TRY IT » With pictures left out, retype exactly the lines from the one containing "и ролл-мат |" through the final line of the entries.

EXERCISE INPUTS »
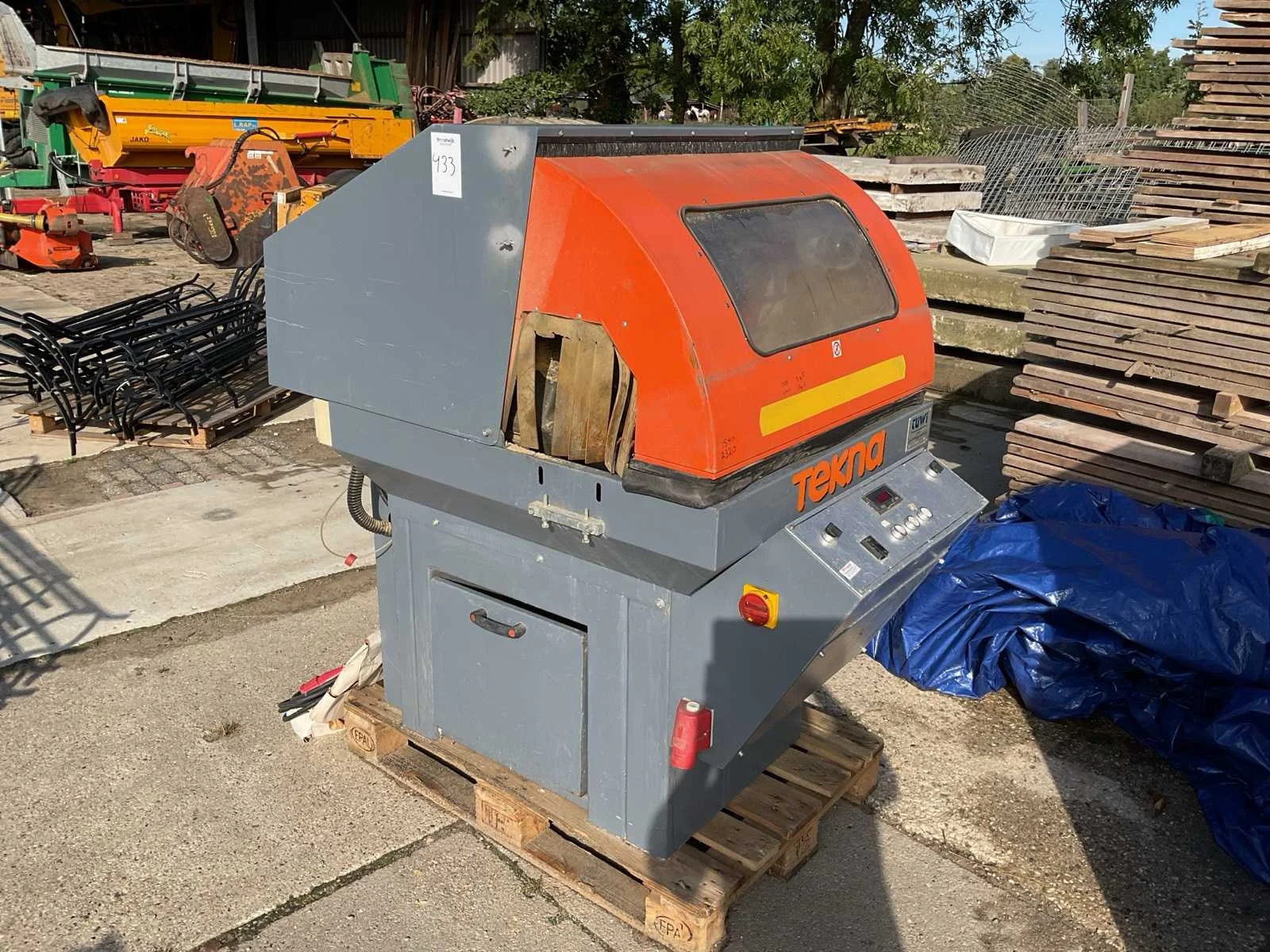 Voorzien van. 3 zaagbladen; verlengkabel. Merk: Tekna Type: TK 133 Zaagblad Ø: 450mm Verstek: true Motorvermogen (kW): 2.25kW Afmeting l: 1450mm Afmeting b: 930mm Afmeting h: 1620mm Aansluiting: 380V Machinegewicht: 450kg
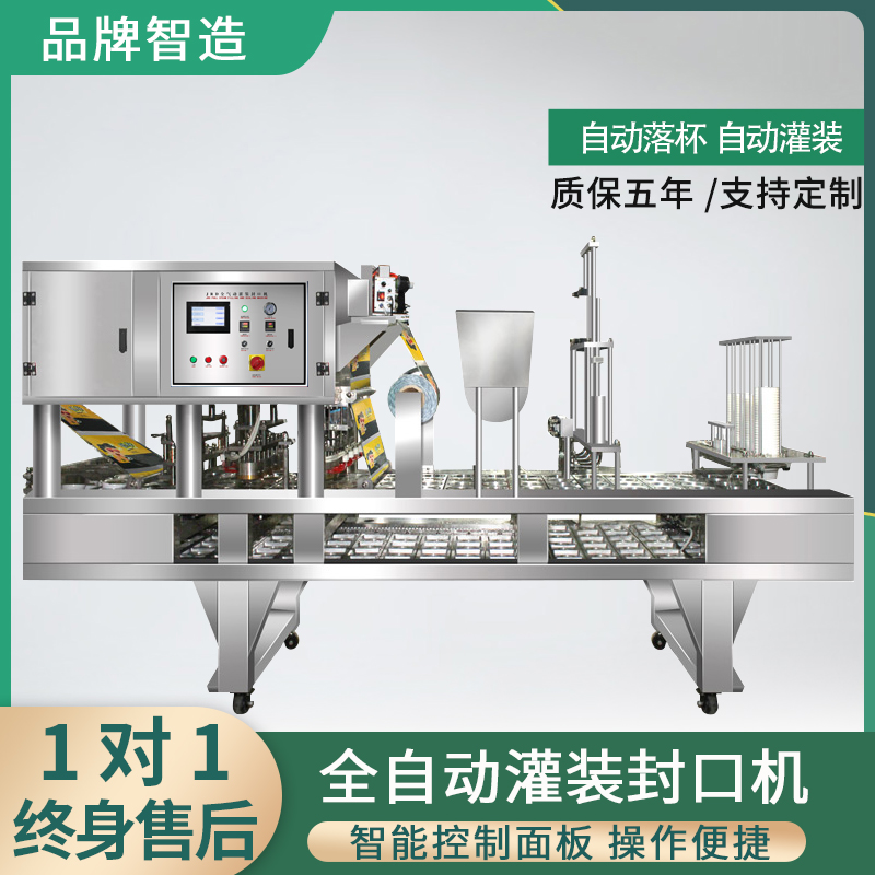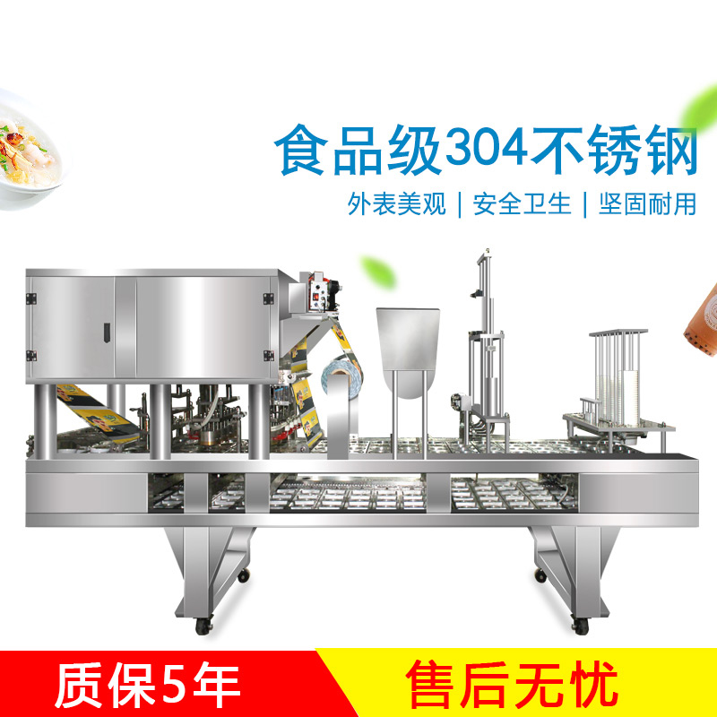 Fully automatic continuous liquid filling and sealing machine milk tea 8-treasure porridge chili sauce tofu box capping machine packaging machine
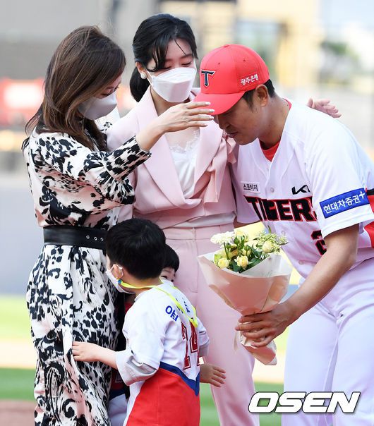 나지완이 아내와 아들, 장모의 축하를 받고 있다. 2021.05.30 /jpnews@osen.co.kr
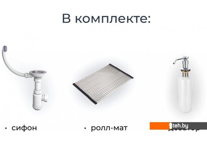 | Комплектация | Сифон, дозатор для жидкого мыла (нерж) и ролл-мат |
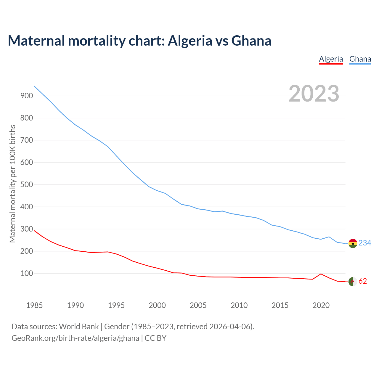 The maternal mortality rate, which is the probability of dying during childbirth or within 42 days of pregnancy termination, is 62 deaths per 100,000 live births in Algeria, compared to 234 deaths in Ghana.
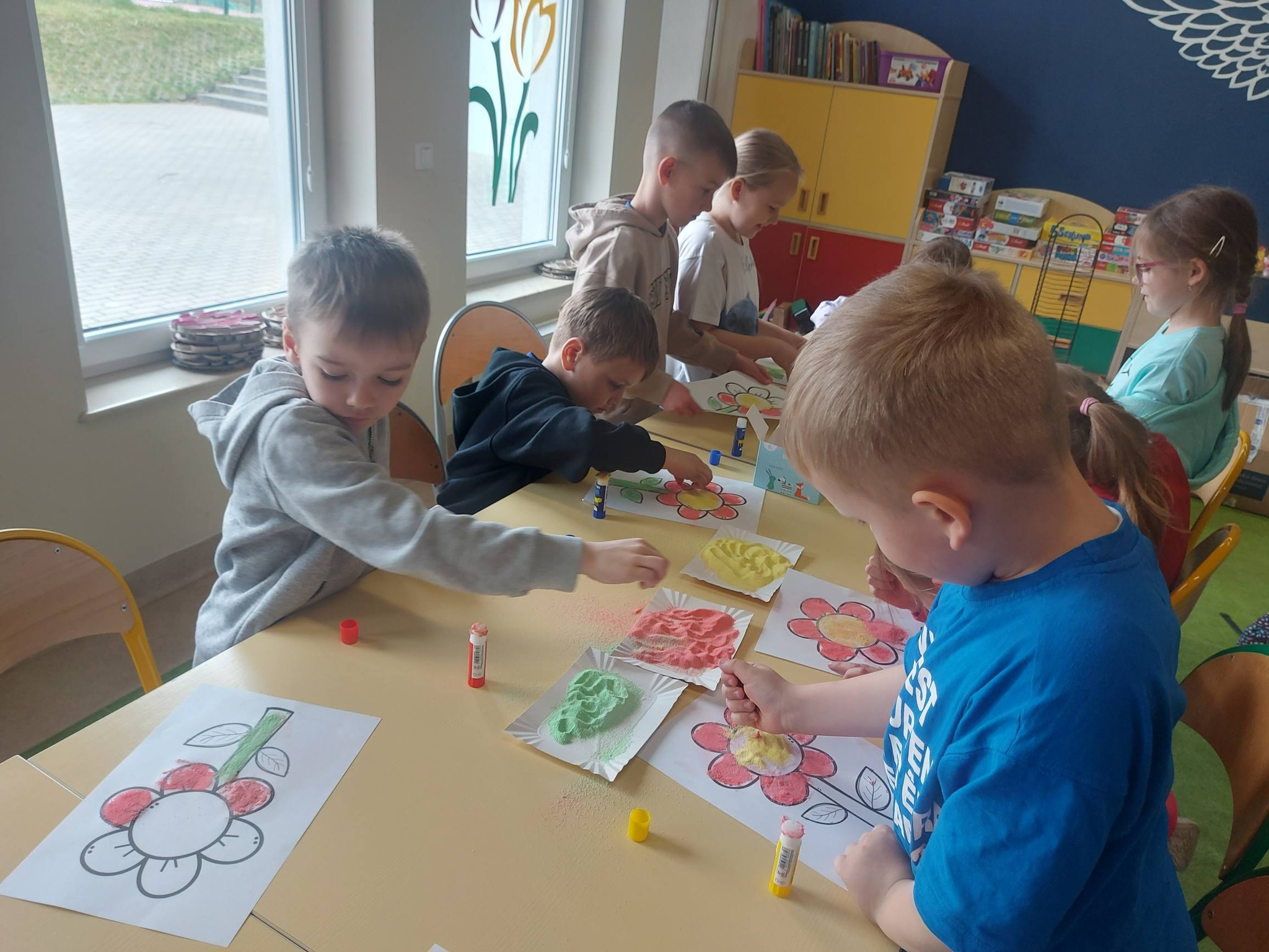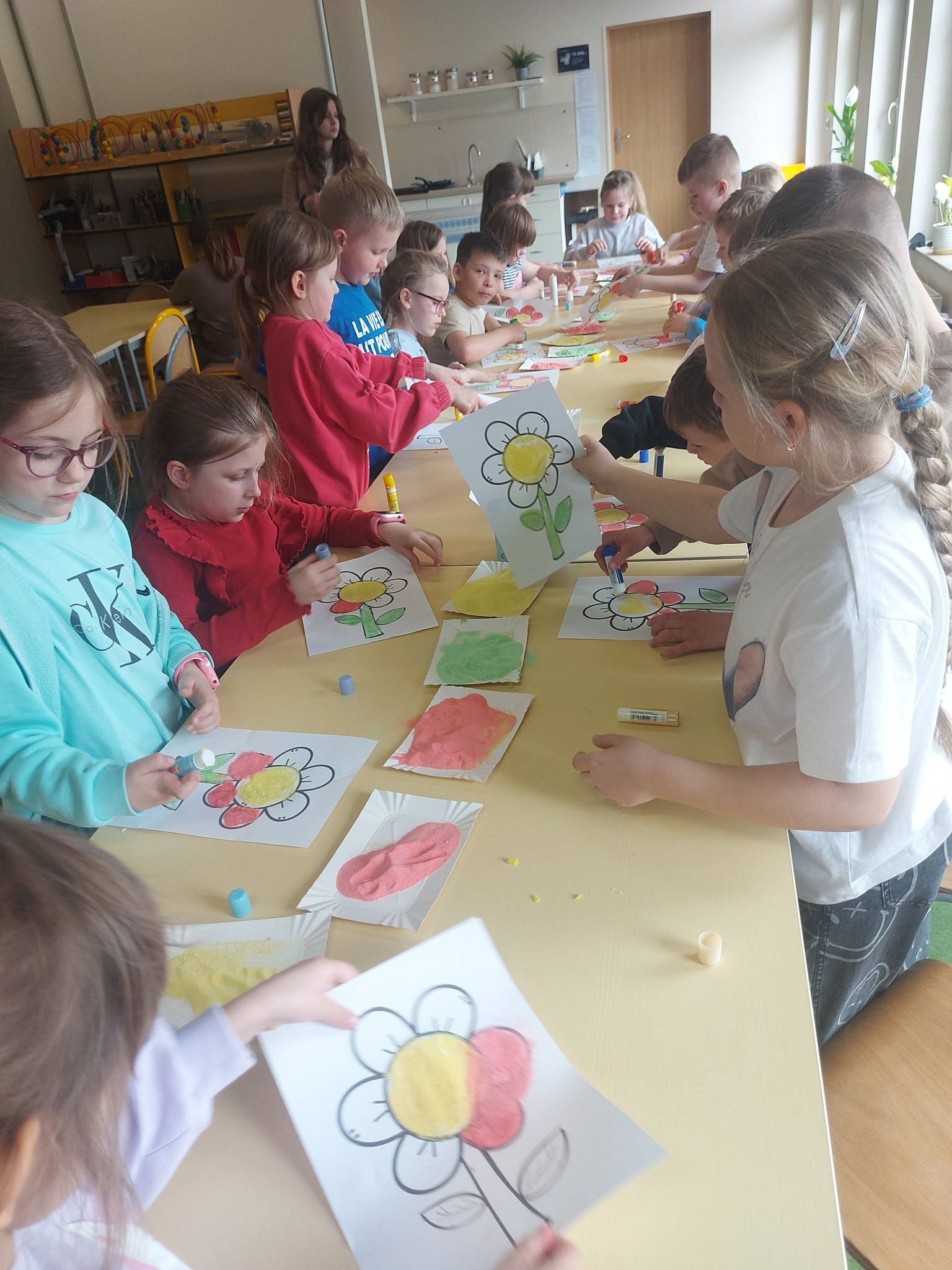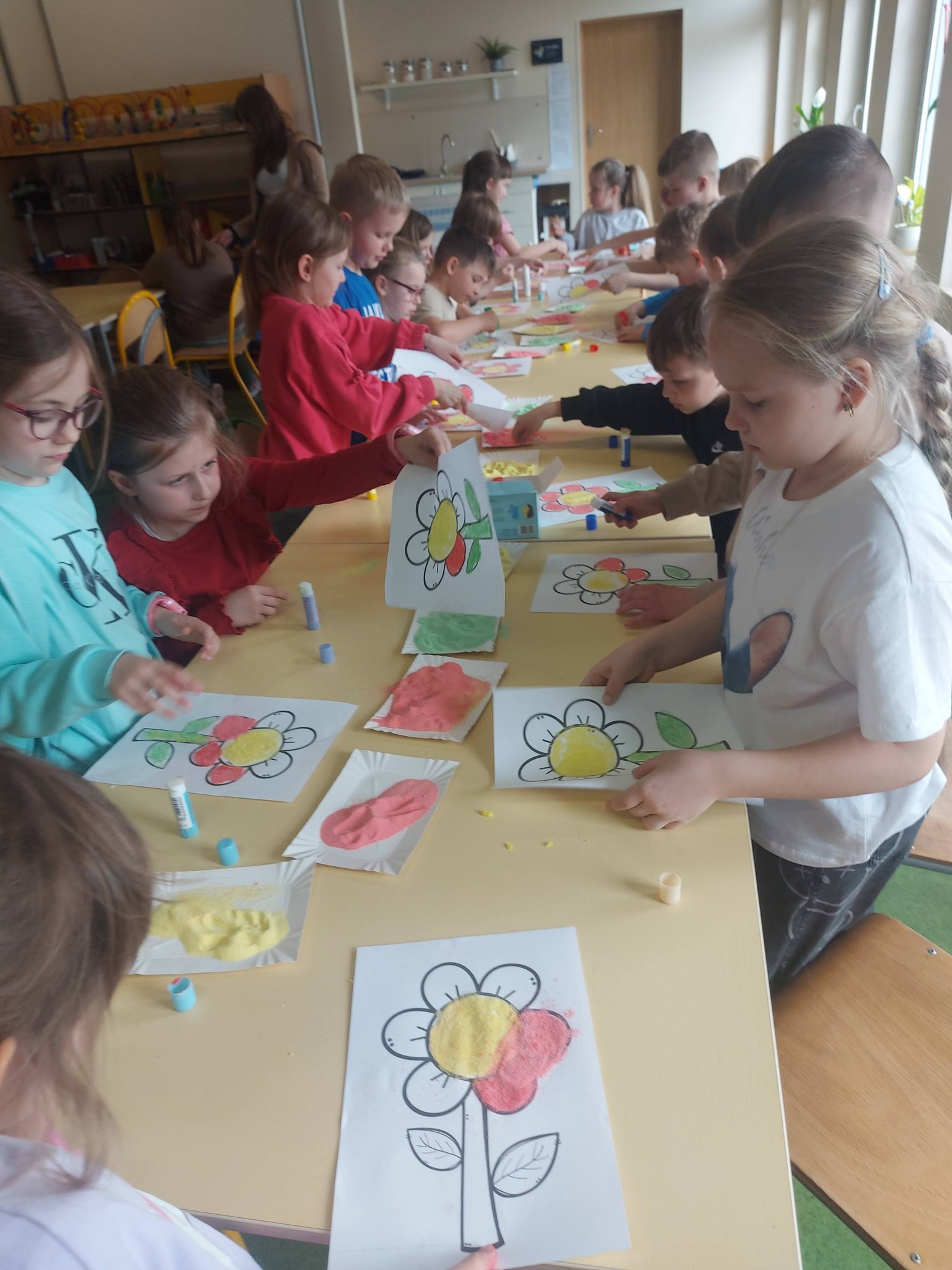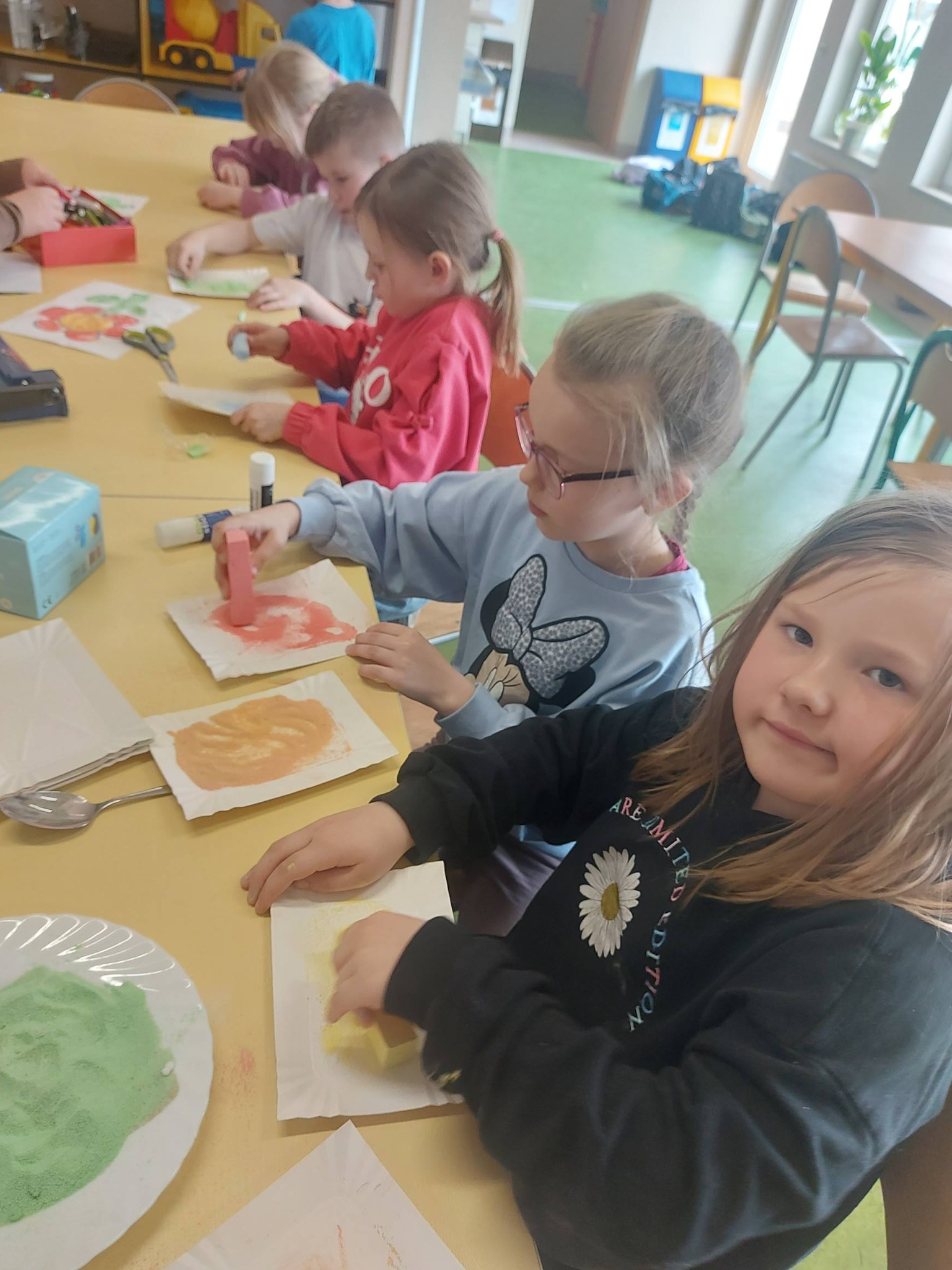 Kiedy kolorowa sól była już gotowa, przyszedł czas na twórcze działanie. Inspiracją stał się kwiatek – symbol wiosny i kreatywności. Powstały prace pełne kolorów, wyobraźni i dziecięcej radości 🌼 Każda z nich była wyjątkowa i niepowtarzalna – dokładnie tak jak ich autorzy.

PROBLEM SOLUTION »
 | Комплектация | Сифон, дозатор для жидкого мыла (нерж) и ролл-мат |
 The maternal mortality rate, which is the probability of dying during childbirth or within 42 days of pregnancy termination, is 62 deaths per 100,000 live births in Algeria, compared to 234 deaths in Ghana.
 Kiedy kolorowa sól była już gotowa, przyszedł czas na twórcze działanie. Inspiracją stał się kwiatek – symbol wiosny i kreatywności. Powstały prace pełne kolorów, wyobraźni i dziecięcej radości 🌼 Każda z nich była wyjątkowa i niepowtarzalna – dokładnie tak jak ich autorzy.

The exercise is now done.